The junta plans to build the reactor even though its power grid has collapsed. When I was in Burma last year, my hotel's electricity failed roughly every fifteen minutes. Much of Burma's gas is sold abroad, and provides little benefit to ordinary Burmese. Security at Rangoon's atomic energy department is so bad that foreign journalists have walked right in past sleeping guards. More than 300 Burmese technicians have received training at a Moscow nuclear laboratory over the past year, and Russia plans to provide more technical and financial help to the reactor project.

And who knows what other countries are contributing to Burma's nuclear know-how? According to William Ashton, a Southeast Asian security expert, since the early 1990s, the Burmese military service has developed a close relationship with Pakistan, which has sold large amounts of weaponry to Rangoon. Were the Pakistani nuclear scientists in town to assist Rangoon in making fissile material? If not, Burma might turn to the North Koreans. In the past year, Pyongyang has drastically boosted its ties to the junta, selling Burma weapons and sending its second highest-ranking leader on visits to Rangoon.
Why couldn't Kurlantzick publish his eye-opening report in a major press outlet? Because Burma wasn't on anybody's list at the time -- at least, not in the West.

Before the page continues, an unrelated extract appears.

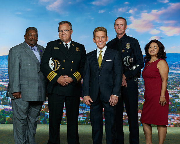 その献身に焦点を当てたのは、教会を歓迎するサンフェルナンド・バレー地区を代表する方々、ロサンゼルス市警察バレー担当副主任ロバート・グリーン氏、ロサンゼルス消防署バレー担当副署長トレバー・リッチモンド氏、ロサンゼルス教育プログラム・ディレクターのネリー・バリエントス女史、そしてロサンゼルス郡聖職者評議会、業務執行役員フランクリン・ハリス司教です。

In January 2002, the US Department of State fielded questions about Burma's planned nuke research center by mildly observing that they expected Burma and Russia to live up to their obligations as parties to the Nonproliferation Treaty. They also said that Burma had "accepted International Atomic Energy Agency (IAEA) safeguards on the totality of its nuclear projects (that is, "full-scope" safeguards), which would include this research reactor."

By May of this year, when the Russia deal with Burma had ground forward and it was clear that Burma's economy was on the verge of collapse, State sounded more alarmed:
State Department spokesman Tom Casey said the Asian state had neither the "legal frame" nor the "safeguard provisions" for a nuclear programme. "We would be concerned about the possibility for accidents, for environmental damage, or for proliferation simply by the possibility of fuel being diverted, stolen or otherwise removed," he said.
Burma's nuke angle throws light on China's about-face in signing up for a tough UN statement on Burma's regime. And the angle suggests that China had more than the obvious reasons to pressure North Korea at the Six-Party Talks. A nuclear-armed Burma would be a nightmare for China -- and for all Burma's neighbors.

The angle also might explain the rumor that Than Shwe moved the capital to the jungle because he was scared the US would bomb his headquarters. He should have no worries on that score, but he might worry about some of his neighbors getting worried about his nuke program.

Say, whatever did happen to those two Pakistani nuclear scientists?